The fact that you must take RMDs doesn’t mean you can’t reinvest the funds. If you don’t need the money immediately, allow it to continue to grow by putting it in a taxable brokerage account, high-interest savings account, or an annuity.

3. Dedicate it to medical care

Even if you’re healthy every day for the rest of your life, you’re going to have medical expenses. If nothing else, you’ll probably be paying Medicare premiums. If you don’t need your RMDs, put the money in an easy-to-access account to cover premiums, prescriptions, exercise equipment, or anything else that allows you to live your best life.

4. Pay down debt

If you’re carrying debt, the funds withdrawn from an RMD are a great way to rid yourself of that burden. Let’s say you have a $5,000 balance on a credit card with an APR of 20%. Paying it off is like earning 20% on the $5,000.

5. Lower a mortgage payment

If you’re still paying a mortgage and wish the payment were lower, you can use the money from an RMD to recast the loan. If you’re unfamiliar with how recasting works, here it is in a nutshell:

  • You make a lump-sum payment toward your mortgage principal. Typically, borrowers put at least $10,000 toward principal reduction.
  • You pay a small fee, ranging from $250 to $500.
  • The lender recalculates your monthly payment based on the lower balance. Unlike refinancing your home, you retain your current interest rate. For example, if your mortgage currently carries an interest rate of 5.25%, your recast mortgage will have the same rate.

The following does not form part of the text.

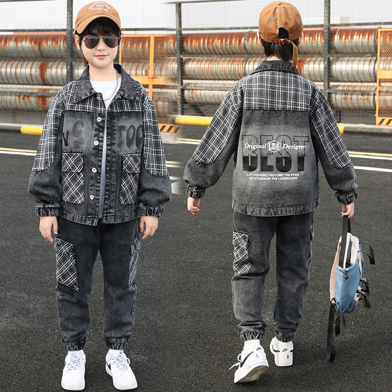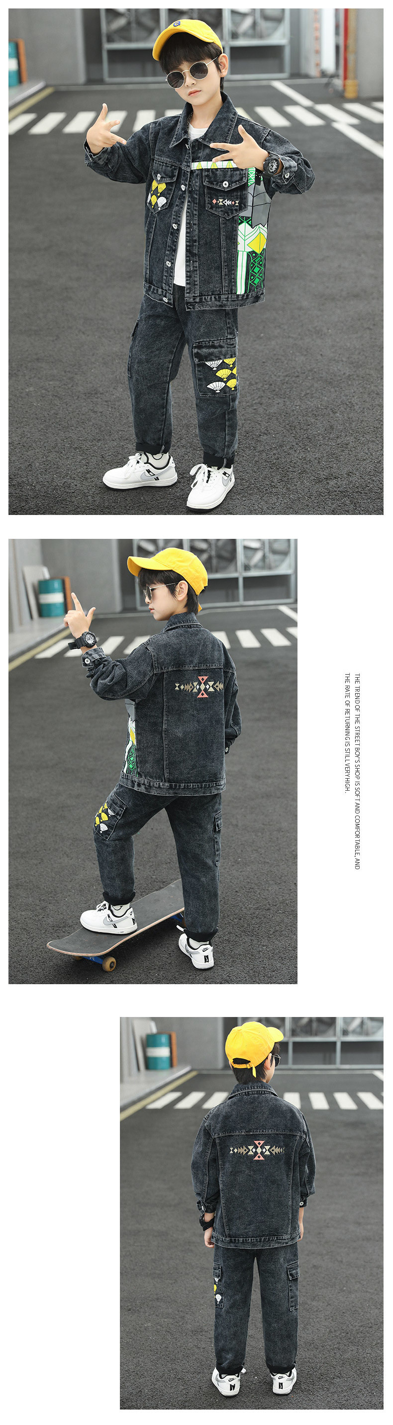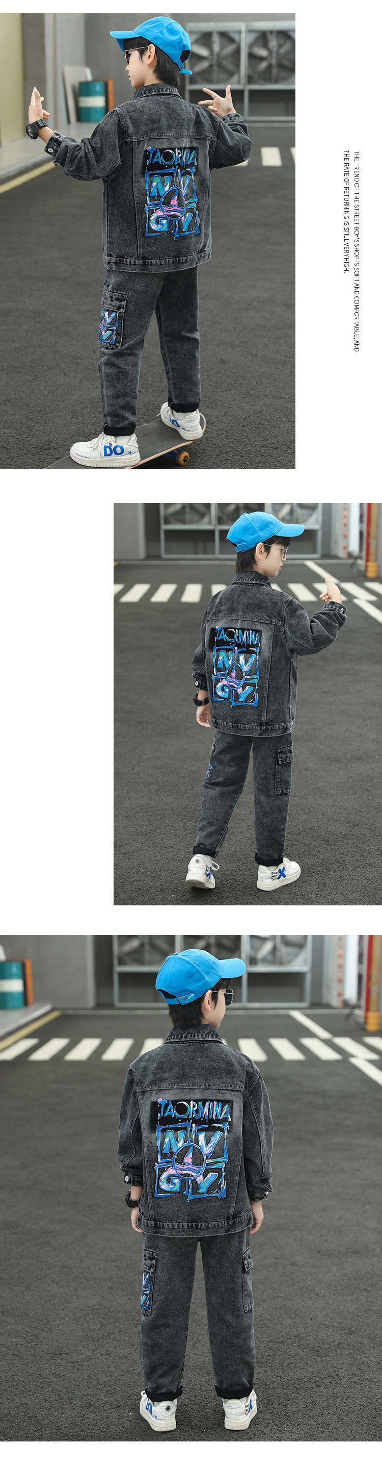 소년 가을 데님 세트 2025 새로운 8-10 세 잘 생긴 아이들 봄과 가을 ruffian 잘 생긴 조수 소년 시원한스토어 가기

Recasting works best for conventional loans. Government loans — like FHA, USDA, and VA loans — cannot be recast. You’ll find that most lenders won’t recast jumbo loans either. Finally, some lenders don’t allow recasting at all, so it pays to speak with your mortgage company. Still, recasting is worth a closer examination if you have a conventional loan and are concerned that interest rates won’t ever drop low enough to justify refinancing the mortgage.

If you must take an RMD but don’t need the money, you’re incredibly fortunate. However, not needing it today doesn’t mean you’ll never have use for the funds. The strategic move is to consider situations that could occur and use the money to cover those bases.